# 1 Piece AF couplers



## drbobderrig (Nov 12, 2018)

Does anybody make them.?? KIndof tired of cars getting disconnected randomly at times. I was thinking of my sets of passenger cars especially. The lead car would be the usual style. The rest would be a solid ones that cannot be uncoupled. Another thought is to pull the weight off and glue the locking pin down... I have one on a "S Gauge Magazine" car so someone did make them. I would try this on one set of passenger cars first and if I like the outcome I would do it on some other sets of passenger cars. Some of the replacement knuckle couplers.. the weight seems so long that I get cars uncoupling around swtiches etc.
thanks
dr bob


----------



## AmFlyer (Mar 16, 2012)

There are a couple of choices. PortLines sells dummy couplers, sku 1053. AM sells dummy couplers for their passenger cars and engines. They also sell snap lock couplers for freight cars. Some of these might meet your needs.


----------



## drbobderrig (Nov 12, 2018)

Thanks. Contacted Portlines Their sku # was 1033 though.
still thinking this entire idea through.
thanks
dr bob


----------



## mopac (Feb 24, 2011)

Before I would change couplers I think I would just glue your couplers shut.
They would be one piece then. And maybe even remove the weight. Just a
thought.

Another thought. I had some couplers opening when I didn't want them to. 
I oiled them and worked them a bunch and they actually stayed closed better.


----------



## AmFlyer (Mar 16, 2012)

I think my fingers need retraining, somehow I saw 1033 but typed 1053. 
I have considered replacing the couplers on my AM passenger car sets for appearance purposes but decided the standard couplers were ok and not that noticeable. Some of the Heavyweight AM passenger cars have low hanging couplers, I fixed this by replacing the 4 wheel trucks with 6 wheel trucks. I have never had a problem with unwanted uncoupling of AM, SHS or MTH couplers. Same goes for the modern Lionel AF production. 
Gilbert is another story. Lubricating as Mopac says frequently works. Also keeping the axle ends lubricated helps by reducing the pulling force on the couplers. I am running 15 car freights and 9 car passenger trains on my permanent layout with no unwanted uncoupling including link couplers. I attribute this mostly to perfect trackwork (it was done professionally, not by me.) I do get some uncoupling on my Christmas layouts using Gilbert track. I think it is the sharper curves and slightly uneven track.


----------



## cramden (Oct 13, 2015)

I would agree with mopac, a drop of glue would be the easiest solution to try. You might find that the small dental rubber bands used on braces work well. They come in assorted sizes and can be looped under the weights between cars so in the event they uncouple the don't come apart.


----------



## drbobderrig (Nov 12, 2018)

Thanks for the advise. I am going to look at one set of my heavy weight passenger cars and give a serious stinkeye to the ones with the low hanging weights and glue them shut first. I am sure some are replacement couplers that I got on ebay from unknown manufacturer...I could pull the weight of and cut that pin piece shorter and glue or crimp it back on...

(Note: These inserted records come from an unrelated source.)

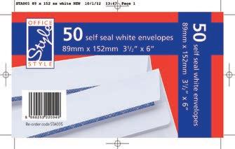 50 White DL Envelopes Peel ‘n’ Seal 110mm x 220mm 80gsm 25 White Postcards 140mm x 89mm SR0101 £1.99 Pkd 20 SR0102 £1.99 Pkd 20 peel n seal peel n seal SR0103 £2.25 Pkd 20 SR0104 £1.99 Pkd 20 SR0105 £2.15 Pkd 20 SR0106 SR0107 £2.49 Pkd 20 SR0108 £2.79 Pkd 20 SR0109 £0.99 Pkd 20 DL DL DL WINDOW DL C6 C6 ENVELOPES
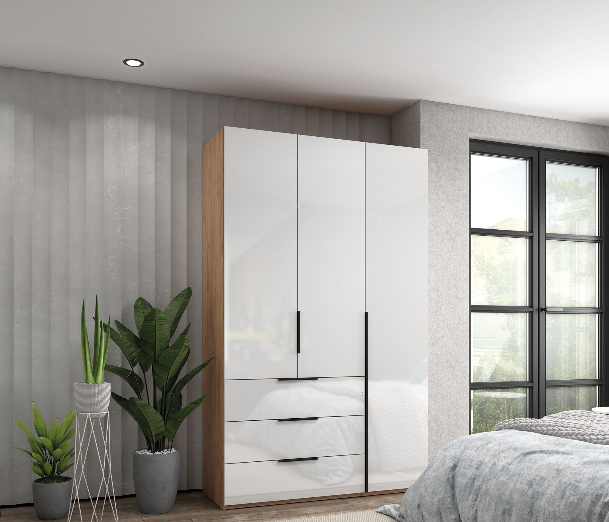 Коллекция шкафов «Люкс» - это линейка современных шкафов для тех, кто ценит эффектный внешний вид и продуманную функциональность. Мебель выполнена в актуальной комбинированной гамме: корпус в цветах Белый и Дуб крафт сочетается с фасадами Белый глянец, что позволяет легко вписать шкафы в светлый современный интерьер и визуально расширить пространство. Фасады покрыты глянцевым лаком, который обеспечивает высокий уровень блеска, создаёт эффект глубины и мягкого отражения света. Благодаря этому шкафы выглядят более объёмными и «воздушными». Фурнитура и конструктивные решения: • шариковые направляющие полного выдвижения - плавный и тихий ход выдвижных элементов и удобный доступ к содержимому; • Петли с доводчиками - мягкое и бесшумное закрывание дверей; • Скрытые регулируемые опоры (ножка 50-70 мм под цоколь с упором на боковину) для точной установки шкафа по уровню; • Пластиковые опоры чёрного цвета, обеспечивающие устойчивость и аккуратный внешний вид цокольной зоны. Дополнительные характеристики: Длина штанги для одежы- 868 мм Высота фасада выдвижного ящика - 236 мм Внутренний размер ящика - 825 х 455 х 139 мм Шкафы коллекции «Люкс» позволяют подобрать решения разных размеров и конфигураций, сохраняя общий стиль - глянец, лёгкость и аккуратный современный дизайн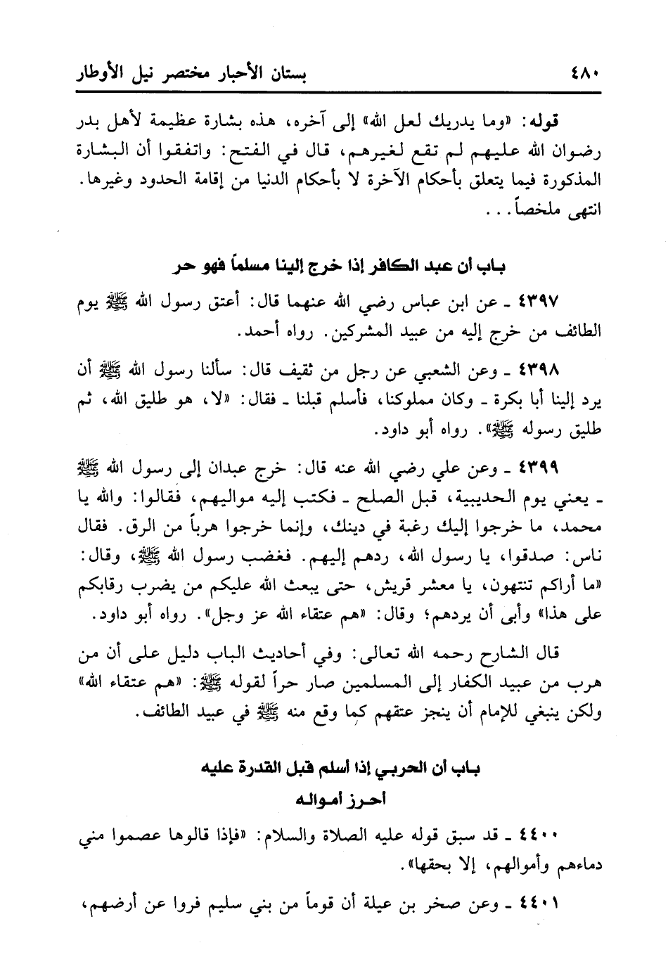 قَالَ الشَّارِحُ رَحِمَهُ اللهُ تَعَالَى: وَفِي أَحَادِيثِ الْبَابِ دَلِيلٌ عَلَى أَنَّ مَنْ هَرَبَ مِنْ عَبِيدِ الْكُفَّارِ إلَى الْمُسْلِمِينَ صَارَ حُرًّا لِقَوْلِهِ - صلى الله عليه وسلم -: «هُمْ عُتَقَاءُ اللهِ» وَلَكِنْ يَنْبَغِي لِلإِمَامِ أَنْ يُنَجِّزَ عِتْقَهُمْ كَمَا وَقَعَ مِنْهُ - صلى الله عليه وسلم - فِي عَبِيدِ الطَّائِفِ.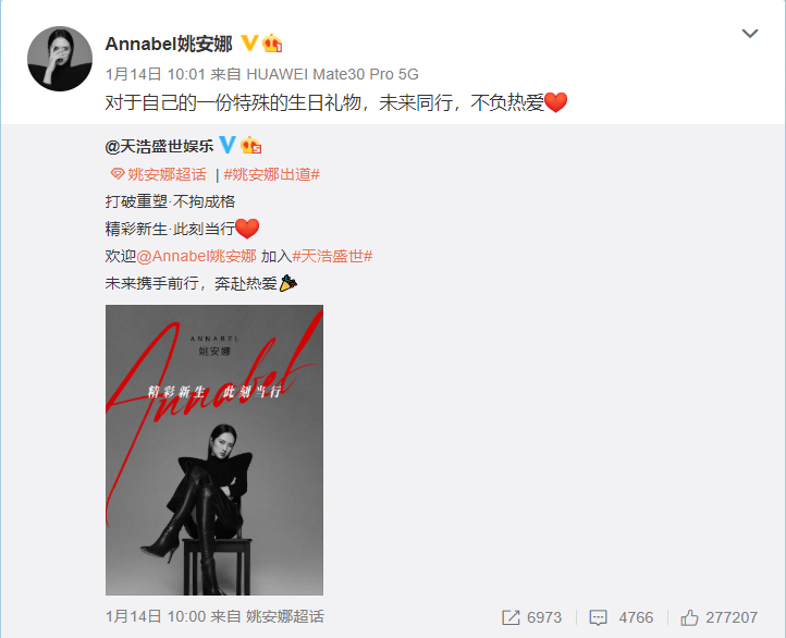 1月14日,Annabel(姚安娜)生日当天,一则娱乐公司官宣Annabel出道的消息,引发了全网热议。随后,Annabel转发了该微博并配文:对于自己的一份特殊的生日礼物,未来同行,不负热爱。同日,关于Annabel出道的17分钟纪录片随之发布。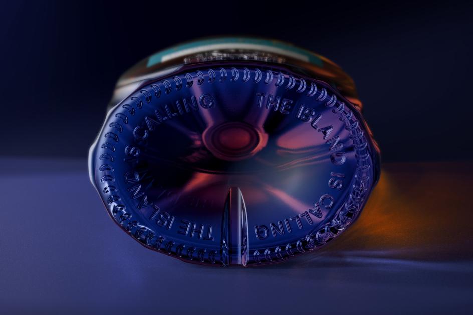 Sculpted facets at the base evoke layered feathers, and a semi-opaque blue coating at the foot creates a gradient effect, referencing Tasmania's extreme and changeable climate. An engraved stopper completes the package as a deliberate signal of quality at the moment of opening.
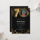 A modern, stylish photo invitation for a 70th birthday party. A classic black background, decorated with faux gold stars. Personalise and add your party details.

Dental rubber bands...now that is an idea.
Replacing with 6 wheel trucks is way down the list...maybe if a bargain shows up on ebay... these are nothing fancy.
thanks for the ideas

dr bob


----------



## dooper (Nov 9, 2015)

Good advice from everyone. I purchased an aluminum set of passenger cars that had link couplers replaced with knuckle couplers. They kept uncoupling over switches and especially the rerailers I have. Once I converted them back to link couplers they perfomred better and they looked much better (the cars were closer together).


----------



## AmFlyer (Mar 16, 2012)

If the sheet metal trucks were still on the cars then a replacement conversion style knuckle was used. On the aluminum cars they are hard to get adjusted high enough to work. They also create a much greater distance between the cars. The aluminum passenger car couplers came with a tensioning spring to hold the links down to minimize uncoupling. I assume these are now missing. These are the hardest cars to keep coupled.


----------



## drbobderrig (Nov 12, 2018)

ahhh.. so others have had this same issue. that is why my chemo laden brain asked myself why these cars need to be have couplers that can open when the cars are run as a set.
dr bob


----------



## dooper (Nov 9, 2015)

Well, I do not remember what I did, but I can run my aluminum cars with link couplers and have no problems.


----------



## cramden (Oct 13, 2015)

The braces rubber bands work great on link couplers. Find small ones and loop them from pin to pin, even if the links lift off the pins they won't separate.


----------



## AFGP9 (Apr 8, 2015)

I agree that keeping all the couplers' moving parts well lubed will keep them closed better as well as better uncoupling. I always lube the weight pin and axle ends as well. 3 in 1 oil seems to work well. It is thin enough for good penetration but also has good "clinging" protection. (An old auto engine builders' term which I am). Since I have a maintenance schedule, I look at all moving parts on rolling stock as well as all locomotives, so everything stays well lubed.


----------



## drbobderrig (Nov 12, 2018)

Well I tried to do all the right things and still have passenger cars disconnecting mostly at switches. This is the 660 series of passenger cars. So I got out the mini glue gun and put a dab between the weight and the coupler. I figure if I change my mind I can get that dab of hot glue out with a pic or something. Super glue etc...no turning back with that stuff. Anyway no uncoupling !!. The couplers on the set are mostly original AF so I can't blame replacement couplers.
I have another set of silver cars and will do that to them as well. I think that is the way to go.
Gotta visit the dentist and get some of those rubber bands for braces.
I have sets of new haven cars...some have link couplers...some were converted to knuckle (bad idea). Might play with them as well.

dr bob


----------



## cramden (Oct 13, 2015)

I had forgotten about this in my saved favorites. It might be another option although I don't know much about it. Might be worth checking out since the parts don't alter the original couplers in any way.http://www.adaptercoupler.com/homeagain.html


----------